Globe Theatre, 104 London St, Dunedin

05/11/2013 - 14/12/2013

Production Details

The last Middlemarch Singles Ball really stirred up the district. Now, a year on, planning is underway for the next one. The changes that have happened have affected everyone – especially the passing of the former committee chairman, Jack. His Auckland-raised widow Penelope has stepped into the breach, running the farm and joining the committee, much to everyone’s surprise. 

Incidentally, there are no men in Middlemarch needing wives either, but there is a group of very unhappy women…

And so the next Middlemarch Singles Ball is underway…

The Globe Theatre, Dunedin 
5 – 14 December 2013
7.30pm except Sunday 2pm
(No show Monday)

$20 general; $15 concession and groups 5+; $10 members
Opening Night, Thursday 5 December: All tickets $10 
Book: 477 3274 (message) or

Greg:  Dale Neill
Phyllis:  Leanne Byas
Penelope:  Elsa May
Pete:  Campbell Thomson 

Lighting Design:  Brian Byas, Ellie Swann
Lighting Op:  Martin Swann, Jo Ross 
Stage Manager:  Lani Swann

FoH:  Lynne Keen, Rosemary Beresford 
Publicity:  Ellie Swann
Poster:  Ellie Swann

Theatre ,

Potential buried by reported action

Review by Patrick Davies 09th Dec 2013

It’s that time of the year again – in Middlemarch anyway – when the ‘Love Train’ arrives bringing singles who want to mingle with the locals and the yokels. 

The Middlemarch Singles Ball II is “…a sequel, the play stands alone and it’s not necessary to have seen the first one to enjoy the second”. The committee is back navigating its way through the fallout from last year’s events; through “a passing” [“a death” as Penelope keeps correcting]; and this year’s major stumbling block: the women. 

Ella West’s structure is very much the same as her previous Middlemarch Singles Ball play which gives it the feel of a sitcom, where each week lets go of last week’s adventures and start afresh with the same set up. However there is so much reference to the past play that sometimes the dialogue feels over explanatory; every recollection and remembrance sounds like it comes with footnotes.

The scenes flit between outdoor Middlemarch locales slotted in between repeated locations of Penelope’s home and the Committee room, both simply set on either side of the stage, with the blocking making good use of the areas. And special mention has to be made of the lighting outside the pub: effective and graceful. 

With little onstage action (the dialogue is primarily reporting offstage action) there is a lot of focus on characterisation and the pace comedy requires. Ellie Swann’s direction is solid and the actors are working hard throughout the piece, however they all find it hard to keep pushing this production along.

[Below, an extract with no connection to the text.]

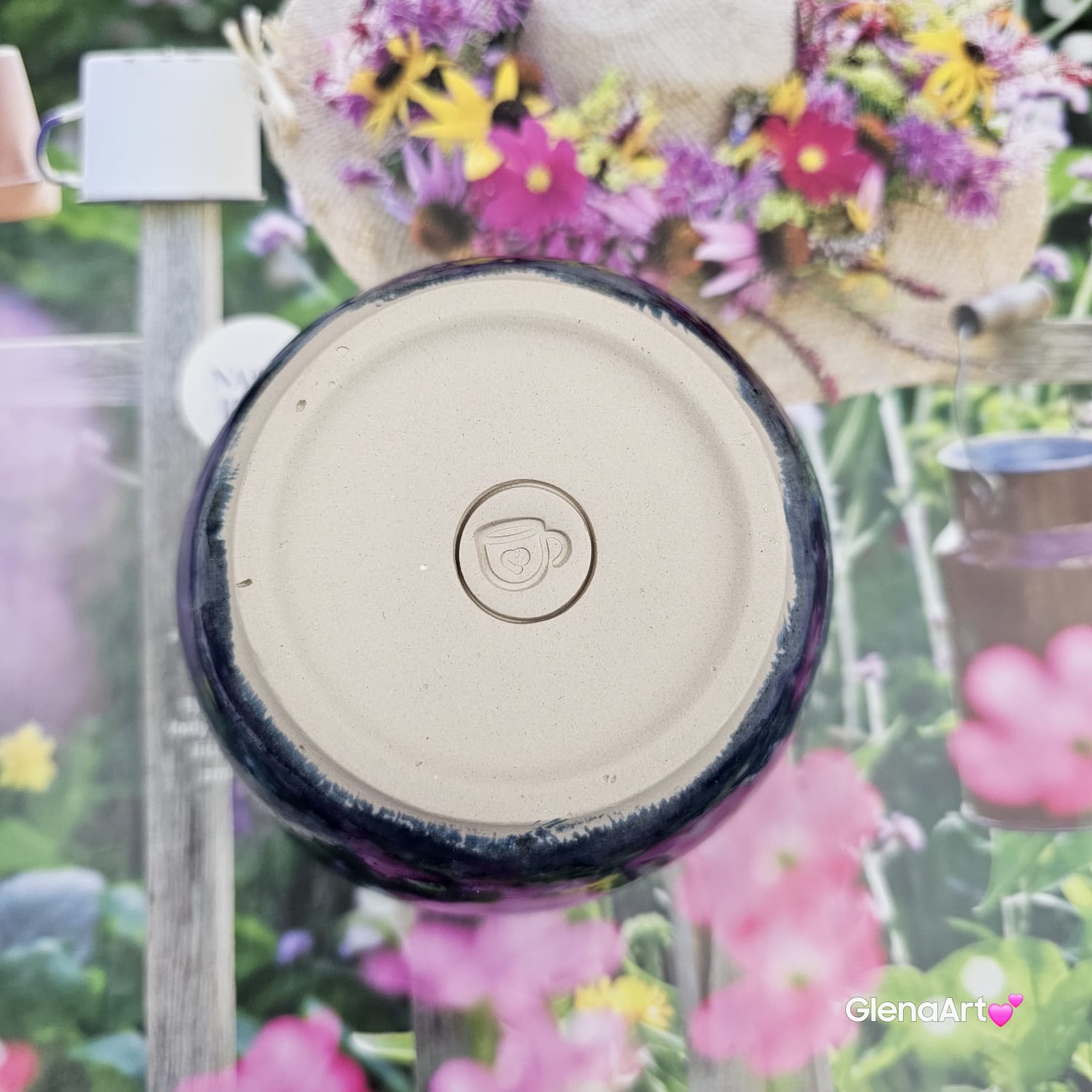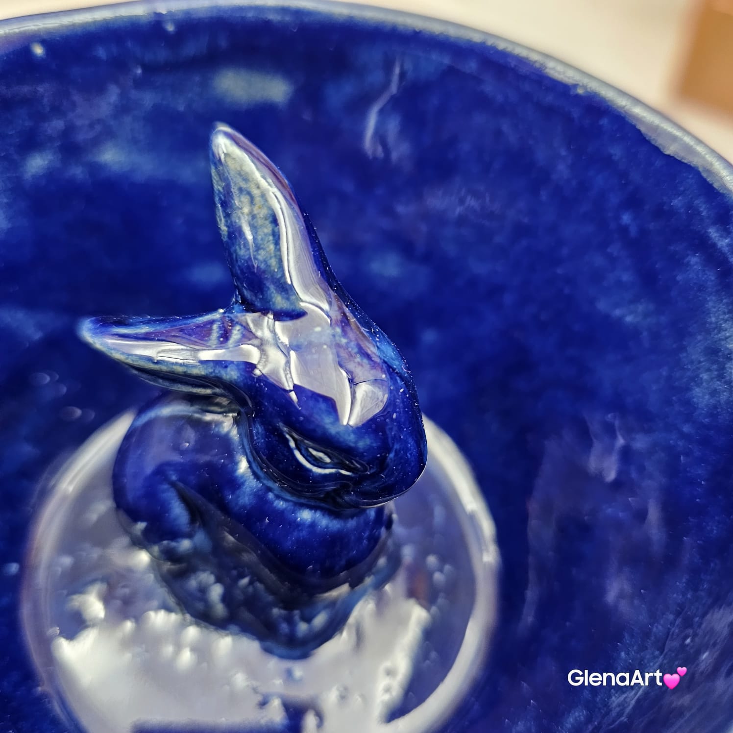 Czarka kobaltowa ceramiczna filiżanka bez ucha kobaltowa z zajączkiem wewnątrz czarki rękodzieło ceramika kobaltowy kolor króliczek w środku

The performance I see is a matinee during Graduation – if you’re from Otago you’ll know nothing clears the theatres more than Graduation or the All Blacks – and it takes three or four scenes for the cast to warm up to a very small audience (though not vice versa), so perhaps the expected laughs aren’t there as usual.

Once they get going they give it their all, but I think they are stymied by a need for more care with the builds, both comic and dramatic, within the scenes, and less dialogue. This is an overwritten play which forces the actors to speak so much of what they are doing and thinking rather than leaving it to suggestion and characterisation. This gets in the way of the momentum of the story and would frustrate more experienced hands.

Constant referencing to last year’s – and the similarity with this year’s – ball chafes after a while. Last year the Discovery Channel came to film, this year it’s the BBC; last year men were the problem, this year it’s the women. Then there’s the inclusion of Bondi surfers and American fireman. Because this is all only ever reported it lacks solidity in our imagination.

When these sort of things occurred last year it seems they had no effect on the same people who have returned this year: like a sitcom they start afresh having remained unaffected.  Like the first Middlemarch Singles Ball (and Fiona Farrell’s play Ground) – there’s only so much reported action you can listen to before all you’re doing is watching a race commentary. And it is extremely hard on the actors to maintain a level of energy when it all happens pretty much offstage.

After all this, I have to say there’s a spritely, quick-witted script in there somewhere, but it’s buried under too much explanation.